# [TASK GOAL]
Reproduce only the lines below from the line containing "Infrared photography, a" to the line containing "Incluye todos los", exactly as written, with both end lines kept. Omit the pictures.

# [DATA TO EXAMINE]
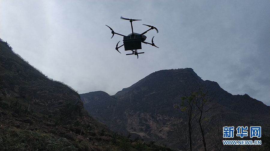 11月29日,四川凉山州邮政分公司工作人员在昭觉县“悬崖村”通过无人机邮路,成功将《人民日报》《四川日报》等党报党刊及信函信件小型包裹送到村民手中。图为邮政无人机在悬崖下的起飞点等待起飞。
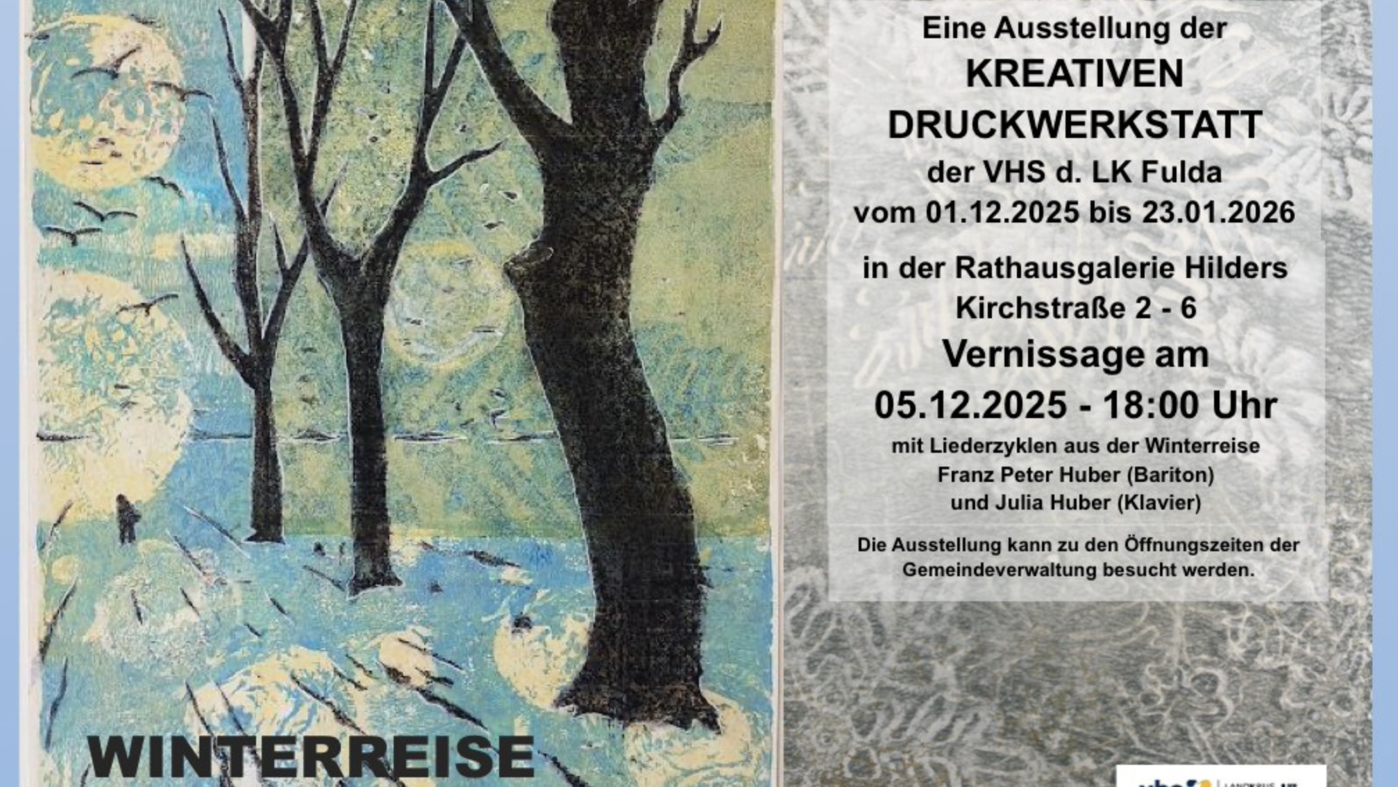 Die Ausstellung „Winterreise“ der Kreativen Druckwerkstatt Fulda lädt dazu ein, die kalte Jahreszeit aus künstlerischer Perspektive zu entdecken. In der Rathausgalerie Hilders präsentieren die Kursteilnehmerinnen und Kursteilnehmer eine eindrucksvolle Vielfalt handgefertigter Druckgrafiken, entstanden in unterschiedlichen künstlerischen Drucktechniken.
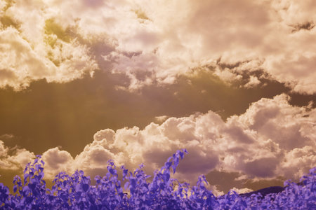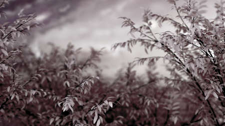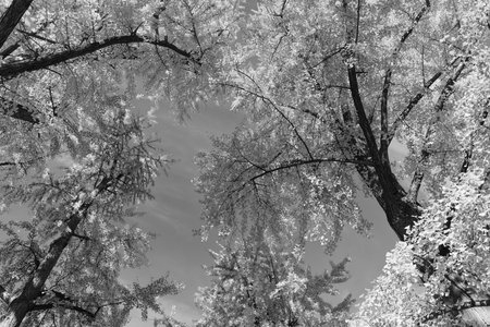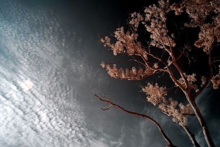 Infrared photography, a vast sky filled with fluffy clouds with leaves
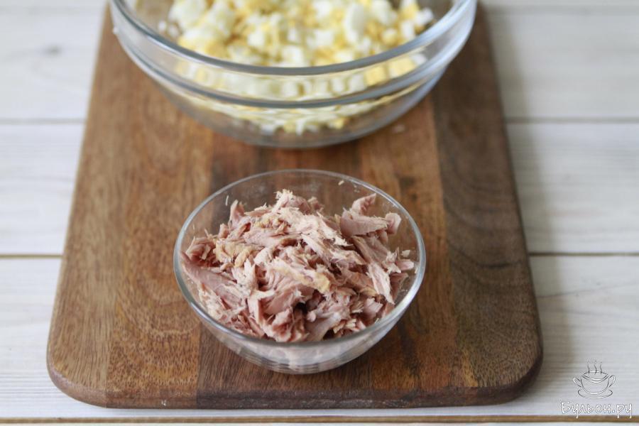 4. Тунец разделить. При использовании тунца в масле, его нужно заранее переложить ситечко, чтобы стекло все масло.
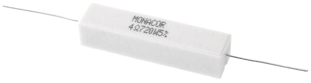 Výkonný cementový odpor, 4.7 Ω, 20 W Odpor pre použitie vo výhybkách, predovšetkým pre PA a špičkové aplikácie, tiež sa pripájajú ako záťažové odpory.
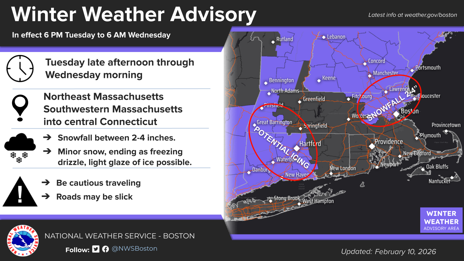 [Weather] [2026.02.10 AM] Boston EM Briefing: Snow & Freezing Drizzle Tonight into Wednesday AM
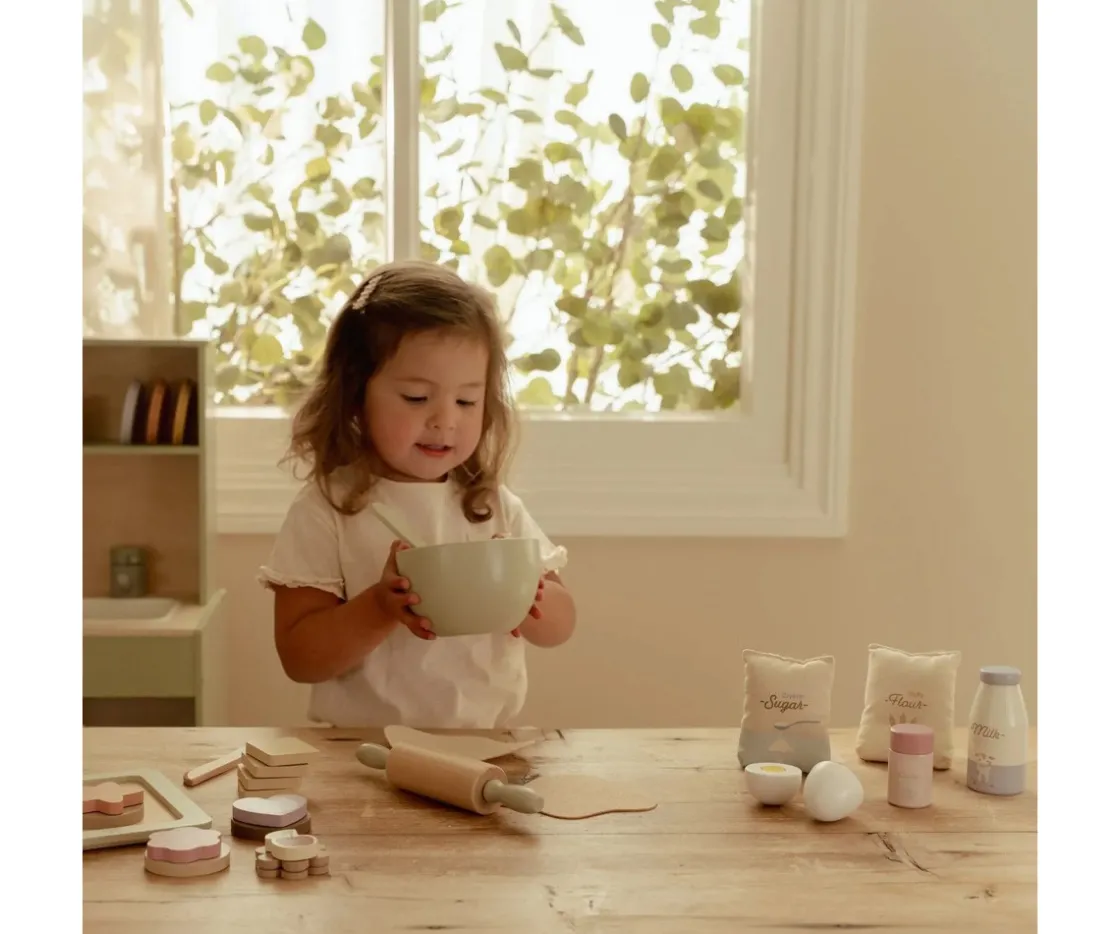 Incluye todos los ingredientes esenciales para una receta perfecta, desde el bol y el rodillo hasta la bandeja con galletas y toppings de colores. Ideal para usar con la cocinita de Little Dutch o cualquier rincón de juego.
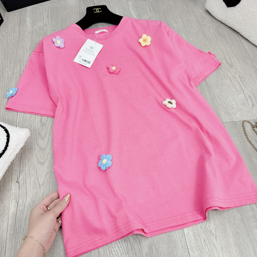 Áo Phông Hồng Đính Hoa Len Nổi Áo Thun Nữ Dáng Thụng Freesize Form Rộng
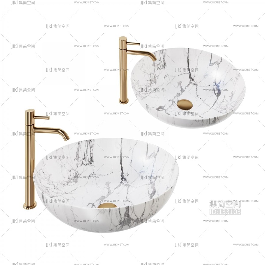 现代石材台盆洗手盆 3d模型下载 [模型ID:133103]
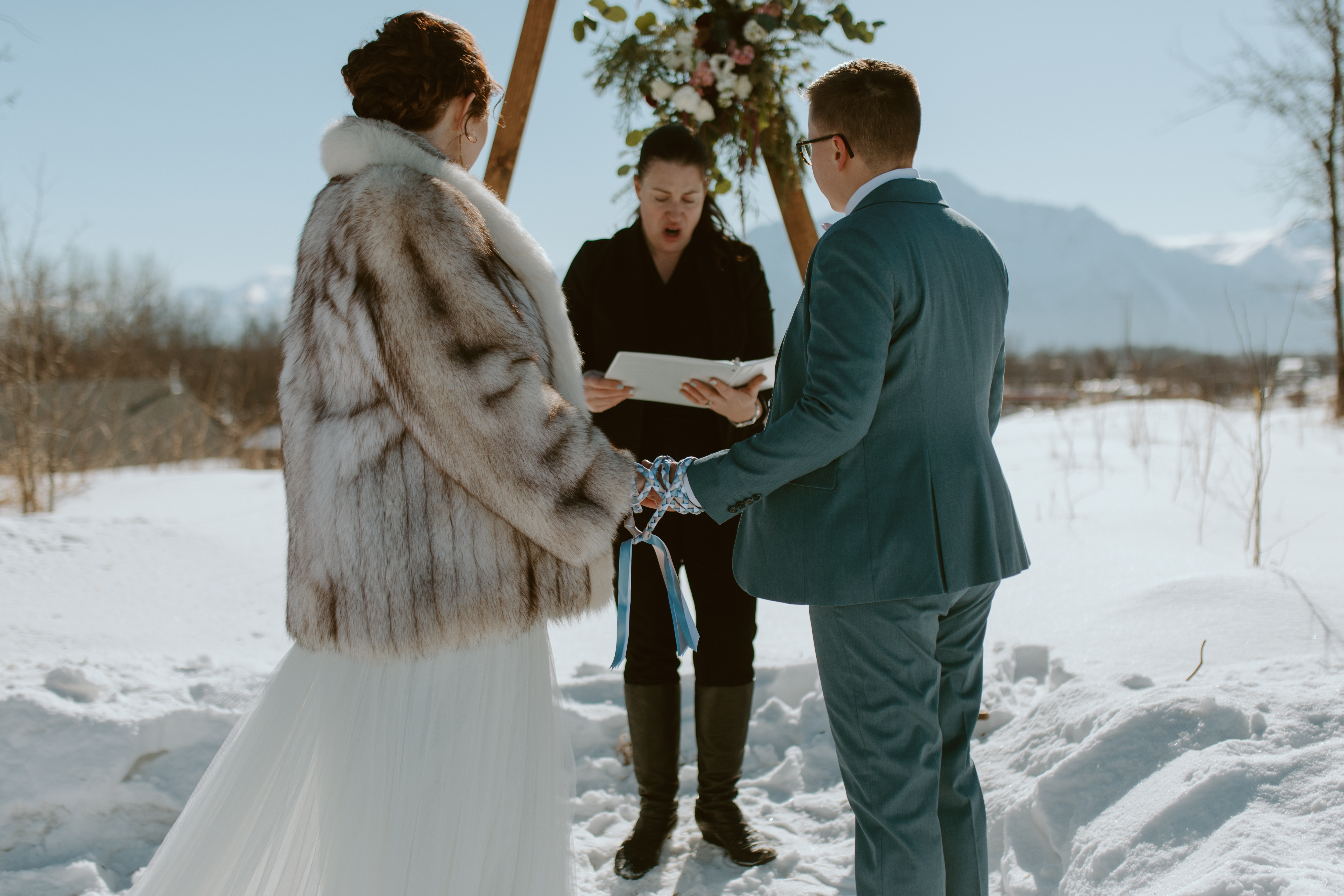 To the surprise of everyone, we decided to tie the knot in Palmer, Alaska, a slight eighteen hours of combined drive and flight time away from our home in South Carolina. The ceremony was quick, with no one except the two of us and our officiant in attendance. A few minutes past noon, we exchanged handwritten vows we’d memorialized within gray moleskin notebooks. We choked out “I do” before loosening the handfasting ropes from around our wrists and running inside in hopes of our blood circulation returning quickly.
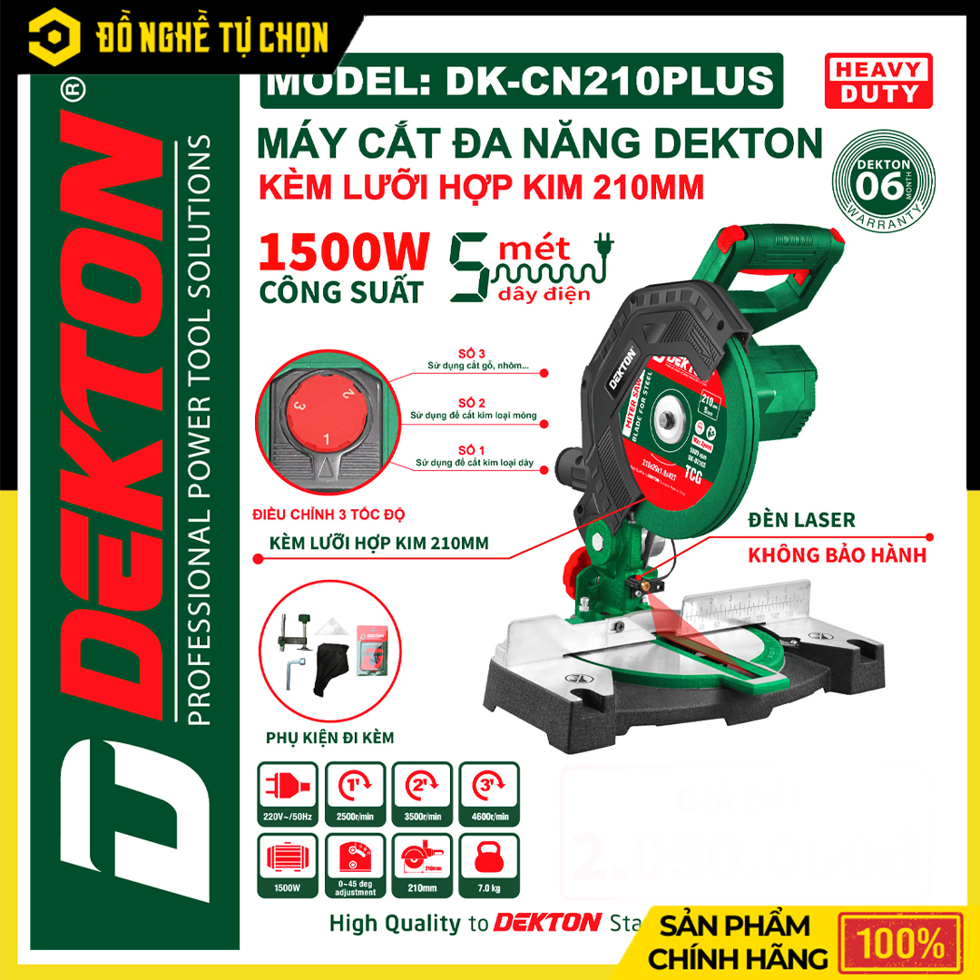 Máy Cắt Nhôm Dekton DK-CN210PLUS – Lưỡi Hợp Kim 210mm – Công Suất 1500W – Tốc Độ 4800v/p – Chính Hãng

# [YOUR RESPONSE]
 Infrared photography, a vast sky filled with fluffy clouds with leaves
 4. Тунец разделить. При использовании тунца в масле, его нужно заранее переложить ситечко, чтобы стекло все масло.
 Výkonný cementový odpor, 4.7 Ω, 20 W Odpor pre použitie vo výhybkách, predovšetkým pre PA a špičkové aplikácie, tiež sa pripájajú ako záťažové odpory.
 [Weather] [2026.02.10 AM] Boston EM Briefing: Snow & Freezing Drizzle Tonight into Wednesday AM
 Incluye todos los ingredientes esenciales para una receta perfecta, desde el bol y el rodillo hasta la bandeja con galletas y toppings de colores. Ideal para usar con la cocinita de Little Dutch o cualquier rincón de juego.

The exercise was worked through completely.